Extracted material:

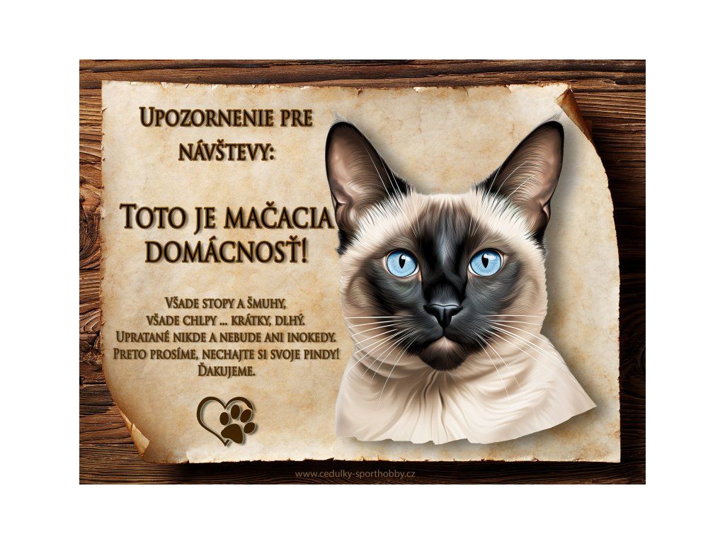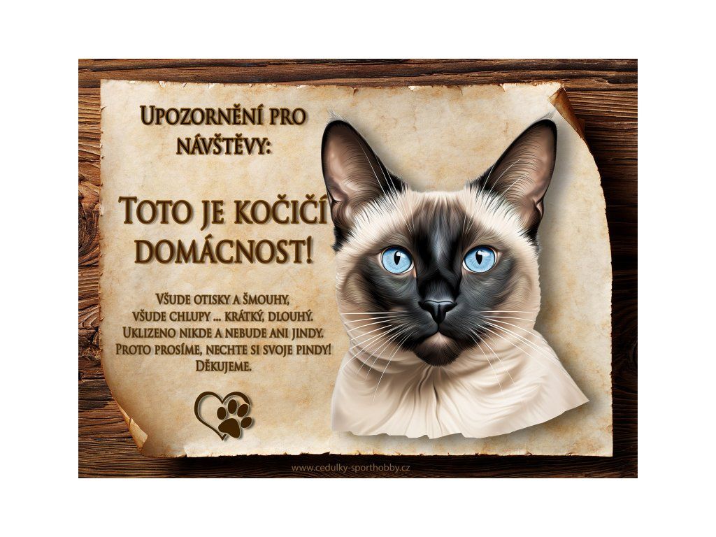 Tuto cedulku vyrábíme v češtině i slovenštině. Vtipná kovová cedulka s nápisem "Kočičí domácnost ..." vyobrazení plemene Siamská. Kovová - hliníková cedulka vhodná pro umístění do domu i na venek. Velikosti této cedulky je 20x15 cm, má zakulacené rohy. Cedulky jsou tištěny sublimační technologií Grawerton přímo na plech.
* * *
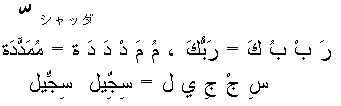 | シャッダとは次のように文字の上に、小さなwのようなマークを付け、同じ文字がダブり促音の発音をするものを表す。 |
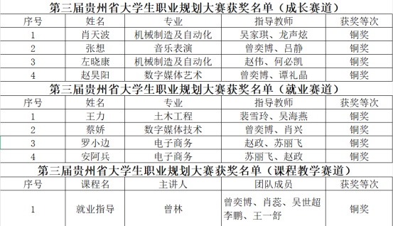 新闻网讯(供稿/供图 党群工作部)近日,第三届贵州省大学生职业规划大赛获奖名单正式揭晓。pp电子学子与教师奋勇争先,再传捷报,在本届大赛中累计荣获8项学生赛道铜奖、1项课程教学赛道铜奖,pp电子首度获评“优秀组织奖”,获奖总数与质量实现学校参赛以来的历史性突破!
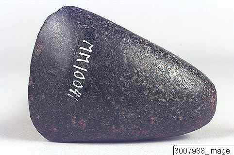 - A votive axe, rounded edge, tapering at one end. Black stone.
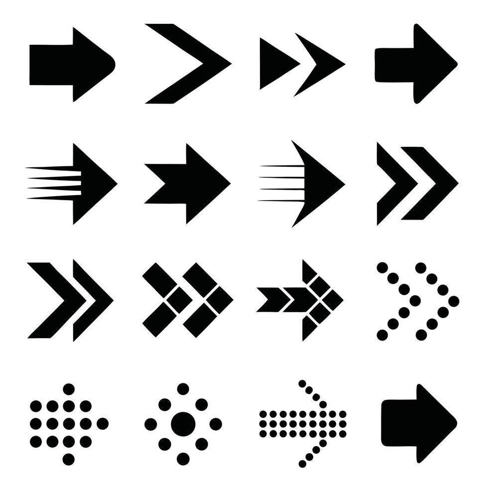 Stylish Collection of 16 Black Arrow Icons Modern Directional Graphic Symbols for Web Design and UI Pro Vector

Exercise aim: Once the line with "新闻网讯(供稿/供图 党群工" is found above, print it and every line after it through the line with "Stylish Collection of", exactly. Pictures stay out.

Written solution:
 新闻网讯(供稿/供图 党群工作部)近日,第三届贵州省大学生职业规划大赛获奖名单正式揭晓。pp电子学子与教师奋勇争先,再传捷报,在本届大赛中累计荣获8项学生赛道铜奖、1项课程教学赛道铜奖,pp电子首度获评“优秀组织奖”,获奖总数与质量实现学校参赛以来的历史性突破!
 - A votive axe, rounded edge, tapering at one end. Black stone.
 Stylish Collection of 16 Black Arrow Icons Modern Directional Graphic Symbols for Web Design and UI Pro Vector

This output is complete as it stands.